• What this task involves: The output should match, line for line, the records from the line containing "A pasos las" through the line containing "Close up Switch", with every picture left out.

|---|

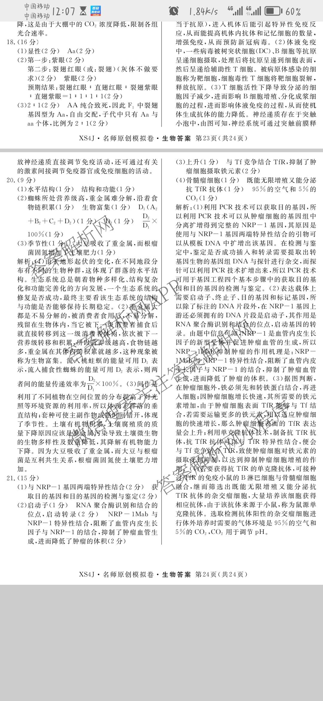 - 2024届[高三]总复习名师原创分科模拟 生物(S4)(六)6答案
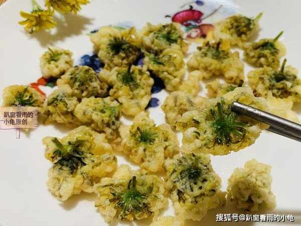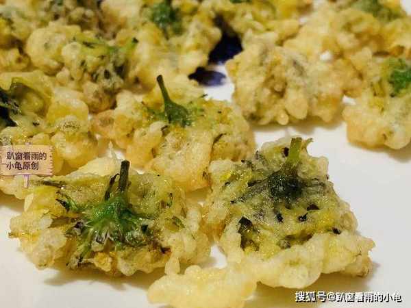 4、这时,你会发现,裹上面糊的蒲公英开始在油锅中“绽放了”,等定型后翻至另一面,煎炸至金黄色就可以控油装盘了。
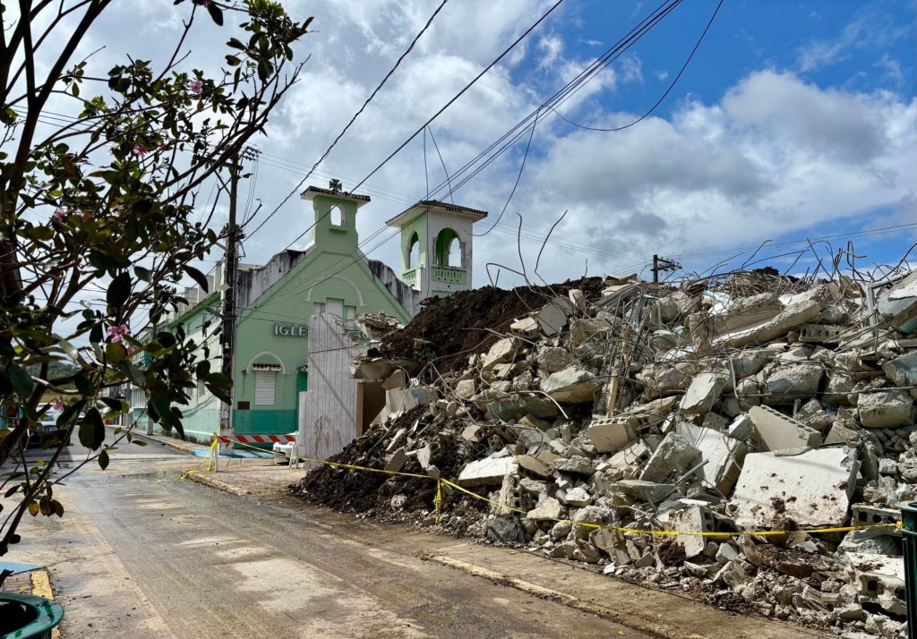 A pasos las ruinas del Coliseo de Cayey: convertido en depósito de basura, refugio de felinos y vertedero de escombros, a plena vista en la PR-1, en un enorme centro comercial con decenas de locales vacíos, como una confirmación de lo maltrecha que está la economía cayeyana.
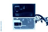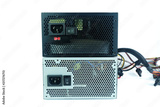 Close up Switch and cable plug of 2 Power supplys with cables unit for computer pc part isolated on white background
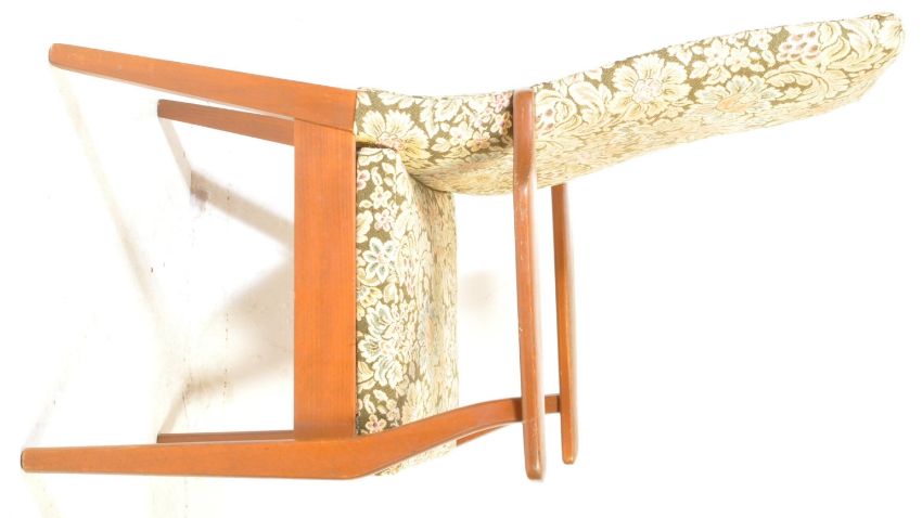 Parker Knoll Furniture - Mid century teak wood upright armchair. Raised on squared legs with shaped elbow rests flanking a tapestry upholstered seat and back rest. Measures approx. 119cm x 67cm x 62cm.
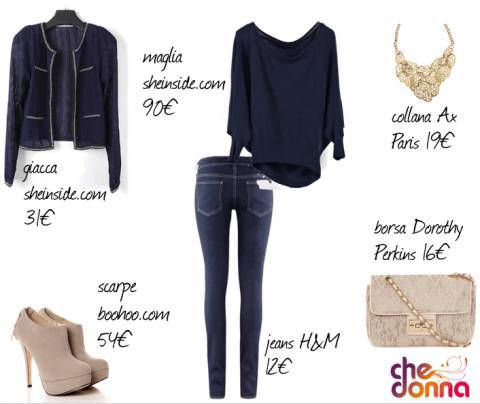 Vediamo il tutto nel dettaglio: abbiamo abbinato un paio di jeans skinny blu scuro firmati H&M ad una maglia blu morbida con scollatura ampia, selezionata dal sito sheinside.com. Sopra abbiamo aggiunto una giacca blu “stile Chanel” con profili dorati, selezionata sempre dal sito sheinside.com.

|---|

• Result:
 A pasos las ruinas del Coliseo de Cayey: convertido en depósito de basura, refugio de felinos y vertedero de escombros, a plena vista en la PR-1, en un enorme centro comercial con decenas de locales vacíos, como una confirmación de lo maltrecha que está la economía cayeyana.
 Close up Switch and cable plug of 2 Power supplys with cables unit for computer pc part isolated on white background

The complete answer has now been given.